__TASK DETAILS__:
Every record should be copied exactly, and the images omitted.

BEGIN EXTRACTED MATERIAL

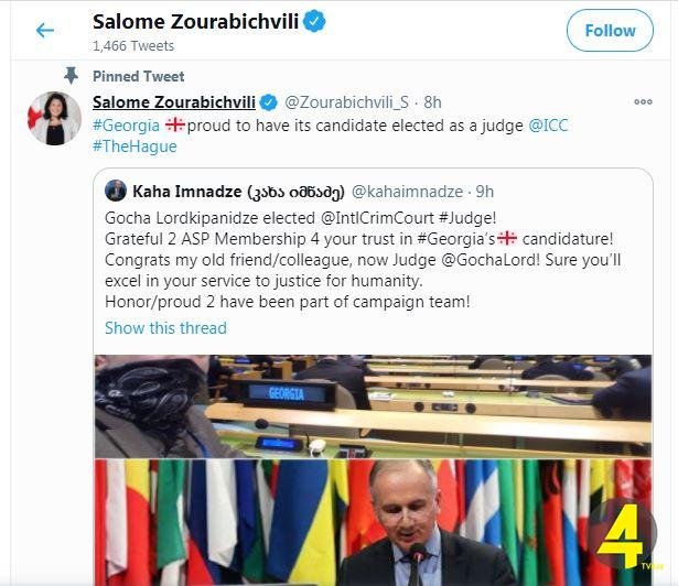 საქართველოს პრეზიდენტი სალომე ზურაბიშვილი გოჩა ლორთქიფანიძის ჰააგის სასამართლოს მოსამართლედ არჩევას „ტვიტერის“ საშუალებით ეხმაურება.
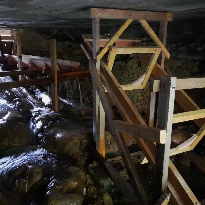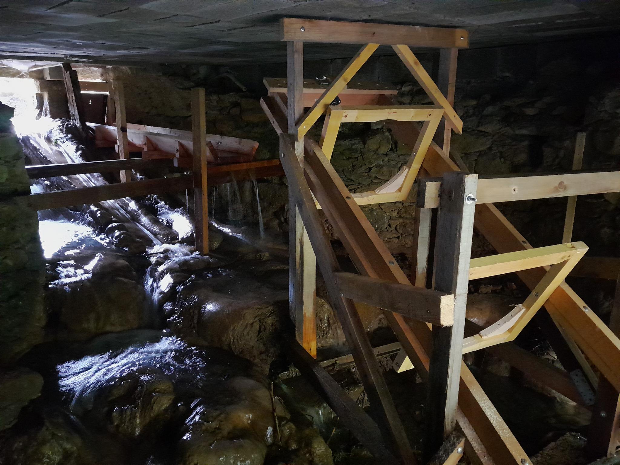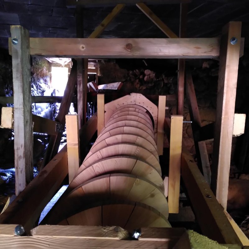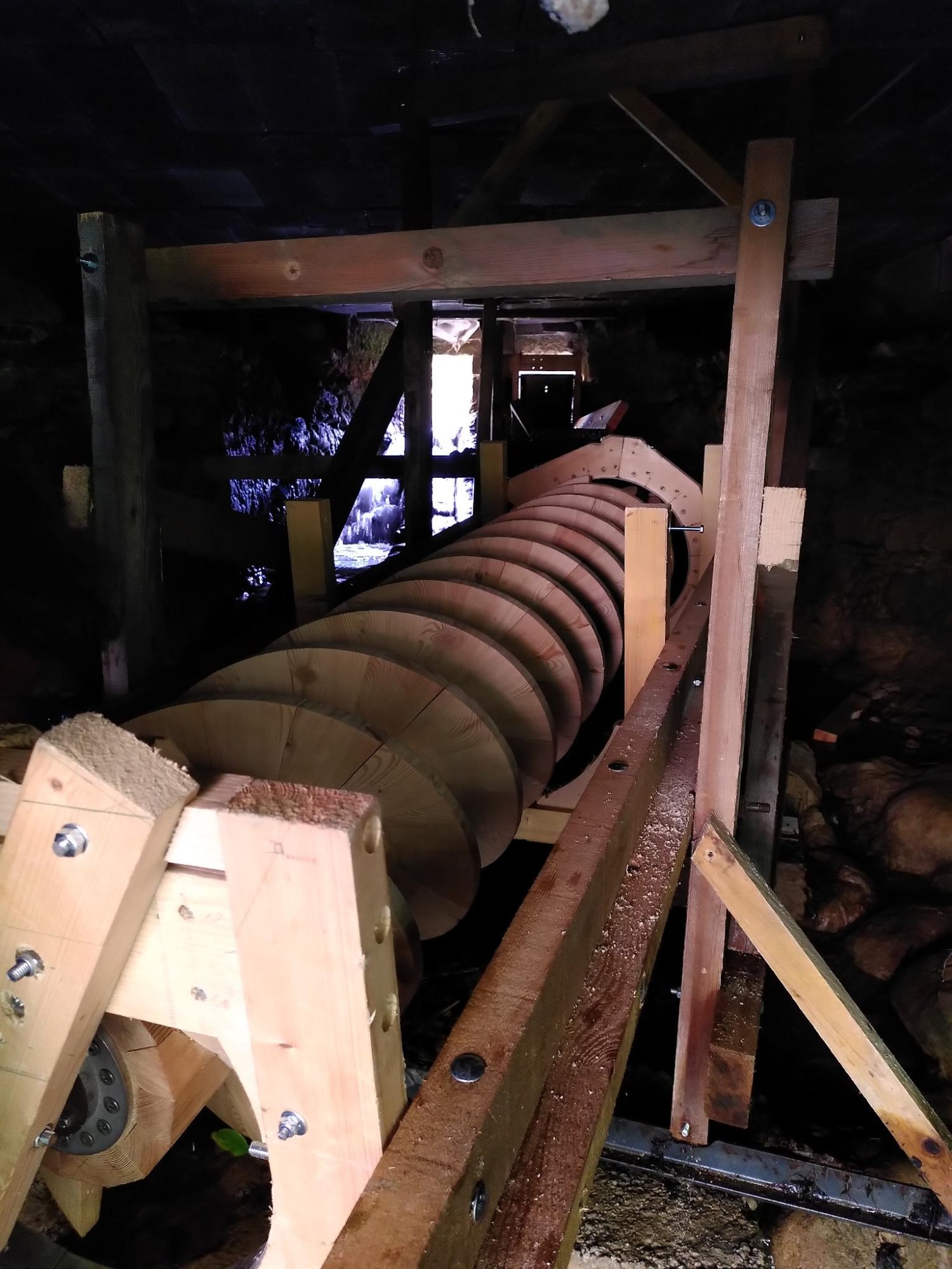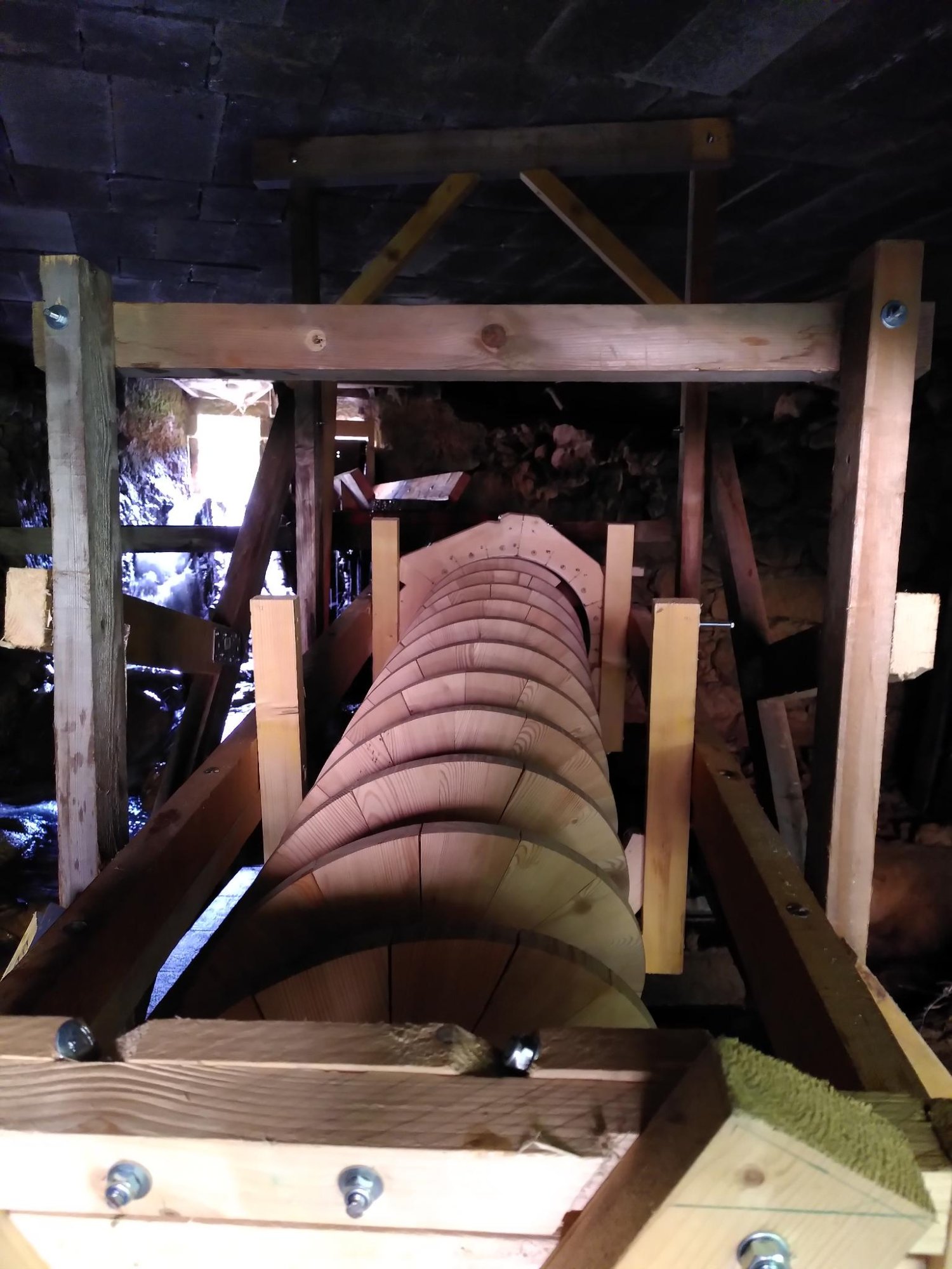 Tout a été mis en place dans la chambre d'eau qui n'attend plus que la vis tourne pour générer les premiers watts ! Prochaine étape : mettre l'auge et raccorder la conduite bois.
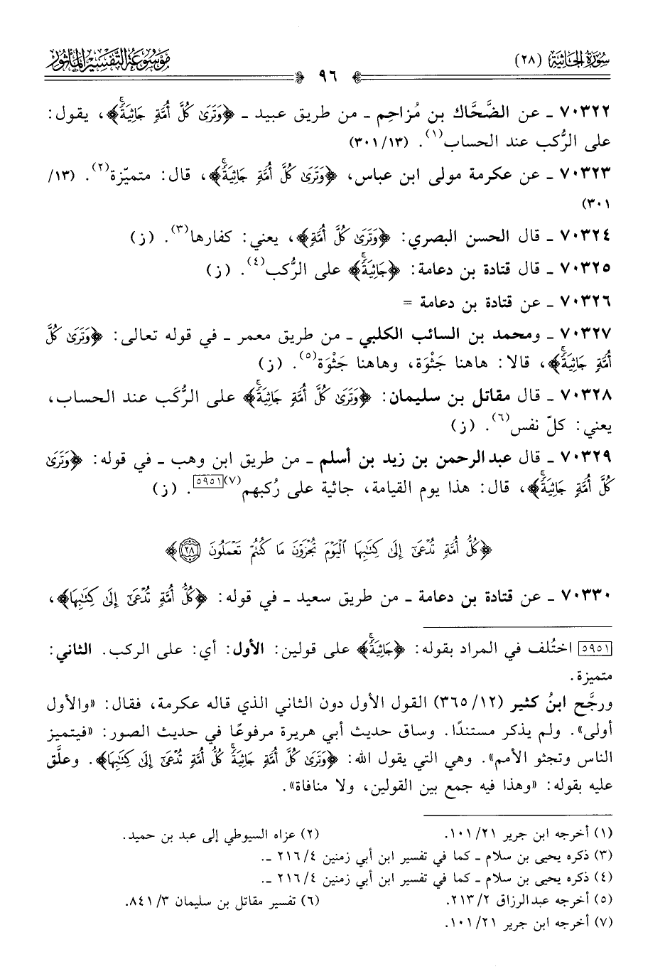 ٧٠٣٢٨ - قال مقاتل بن سليمان: {وتَرى كُلَّ أُمَّةٍ جاثِيَةً} على الرُّكَب عند الحساب، يعني: كلّ نفس (¬٦). (ز)
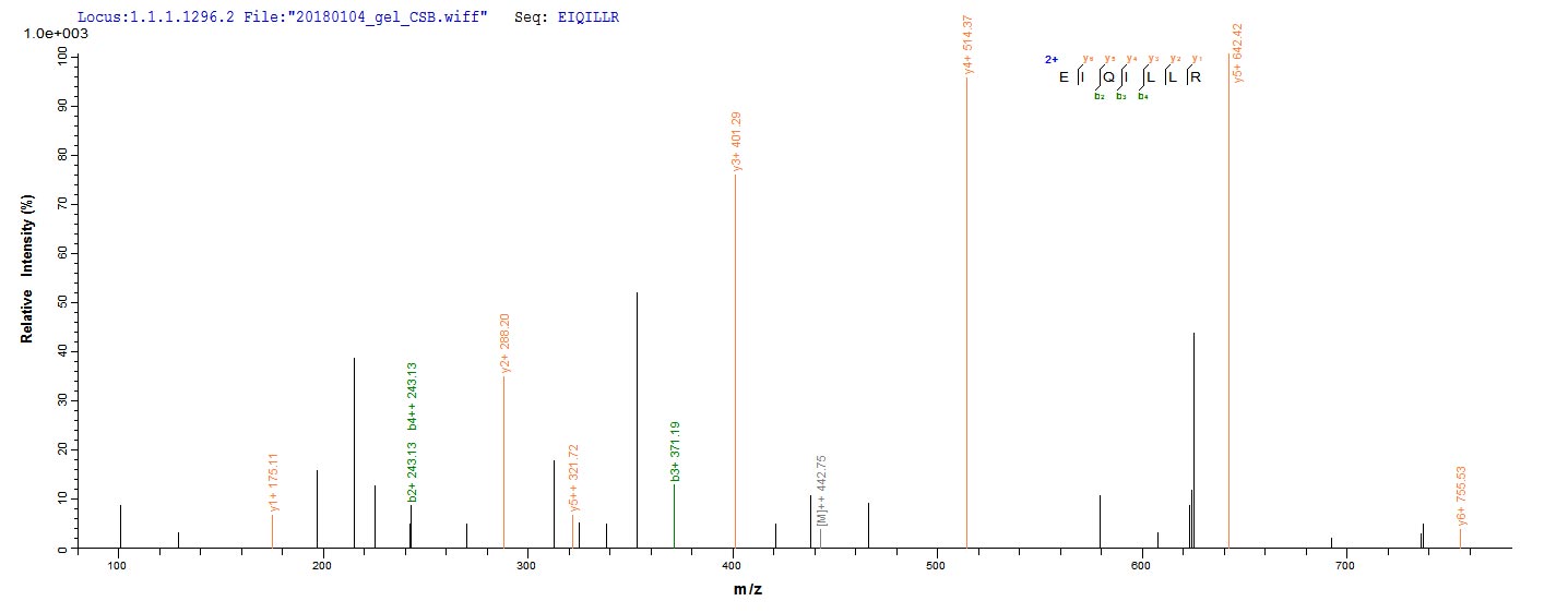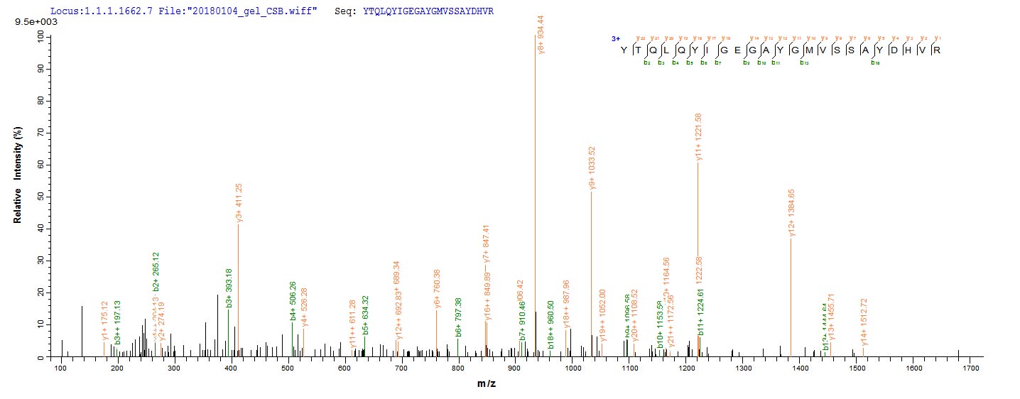 Based on the SEQUEST from database of E.coli host and target protein, the LC-MS/MS Analysis result of CSB-EP013456HU could indicate that this peptide derived from E.coli-expressed Homo sapiens (Human) MAPK3.
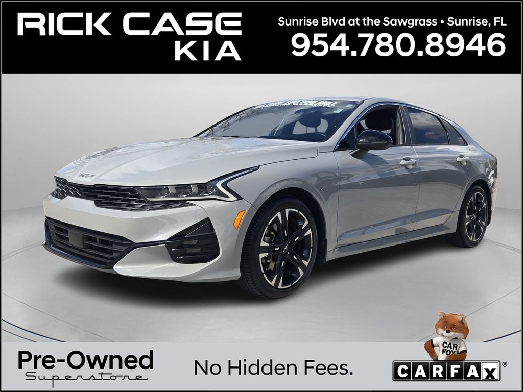 Priced below KBB Fair Purchase Price! CARFAX One-Owner. 150 Point Inspection, Bluetooth, iPod Connector, Kia Certified, Leather, Navigation, BACK UP CAMERA, Unlimited Car Wash, Rick Case Rewards, 4-Wheel Disc Brakes, ABS brakes, Air Conditioning, Apple CarPlay & Android Auto, Brake assist, Dual front impact airbags, Dual front side impact airbags, Electronic Stability Control, Forward Collision Avoidance-Assist, Four wheel independent suspension, Front anti-roll bar, GT-Line Premium Package, GT-Line Red Interior Package, Highway Driving Assist, Knee airbag, LED Projection Headlamps, Low tire pressure warning, Navigation System, Occupant sensing airbag, Overhead airbag, Power driver seat, Rear anti-roll bar, Rear side impact airbag, Rear window defroster, Smart Cruise Control w/Stop & Go, Tachometer, Telescoping steering wheel, Tilt steering wheel, Trip computer, Wheels: 18" Gloss Black Machined Finish Alloy. Certified. Wolf Gray 2023 Kia K5 GT-Line AWD 8-Speed Automatic 1.6L I4 DGI Turbocharged DOHC 16V LEV3-ULEV70 180hp Kia Certified Pre-Owned Details:
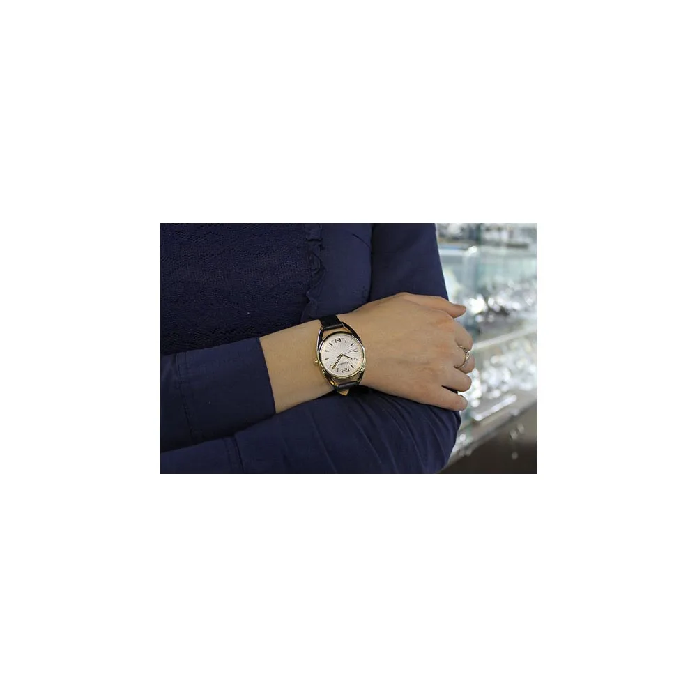 Ladies. Quartz watch. The shell is made of steel. Leather strap with buckle.
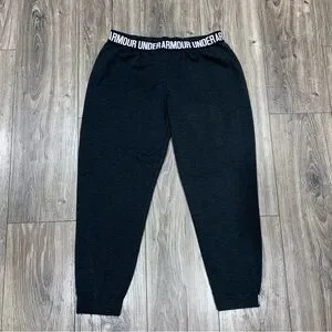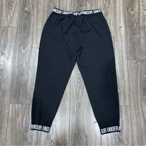 Under Armour loose fit dark gray joggers. Size medium.These super soft joggers have no pockets, stretchy elastic logo waistband and ankle bands.

END EXTRACTED MATERIAL

__RESULT__:
 საქართველოს პრეზიდენტი სალომე ზურაბიშვილი გოჩა ლორთქიფანიძის ჰააგის სასამართლოს მოსამართლედ არჩევას „ტვიტერის“ საშუალებით ეხმაურება.
 Tout a été mis en place dans la chambre d'eau qui n'attend plus que la vis tourne pour générer les premiers watts ! Prochaine étape : mettre l'auge et raccorder la conduite bois.
 ٧٠٣٢٨ - قال مقاتل بن سليمان: {وتَرى كُلَّ أُمَّةٍ جاثِيَةً} على الرُّكَب عند الحساب، يعني: كلّ نفس (¬٦). (ز)
 Based on the SEQUEST from database of E.coli host and target protein, the LC-MS/MS Analysis result of CSB-EP013456HU could indicate that this peptide derived from E.coli-expressed Homo sapiens (Human) MAPK3.
 Priced below KBB Fair Purchase Price! CARFAX One-Owner. 150 Point Inspection, Bluetooth, iPod Connector, Kia Certified, Leather, Navigation, BACK UP CAMERA, Unlimited Car Wash, Rick Case Rewards, 4-Wheel Disc Brakes, ABS brakes, Air Conditioning, Apple CarPlay & Android Auto, Brake assist, Dual front impact airbags, Dual front side impact airbags, Electronic Stability Control, Forward Collision Avoidance-Assist, Four wheel independent suspension, Front anti-roll bar, GT-Line Premium Package, GT-Line Red Interior Package, Highway Driving Assist, Knee airbag, LED Projection Headlamps, Low tire pressure warning, Navigation System, Occupant sensing airbag, Overhead airbag, Power driver seat, Rear anti-roll bar, Rear side impact airbag, Rear window defroster, Smart Cruise Control w/Stop & Go, Tachometer, Telescoping steering wheel, Tilt steering wheel, Trip computer, Wheels: 18" Gloss Black Machined Finish Alloy. Certified. Wolf Gray 2023 Kia K5 GT-Line AWD 8-Speed Automatic 1.6L I4 DGI Turbocharged DOHC 16V LEV3-ULEV70 180hp Kia Certified Pre-Owned Details:
 Ladies. Quartz watch. The shell is made of steel. Leather strap with buckle.
 Under Armour loose fit dark gray joggers. Size medium.These super soft joggers have no pockets, stretchy elastic logo waistband and ankle bands.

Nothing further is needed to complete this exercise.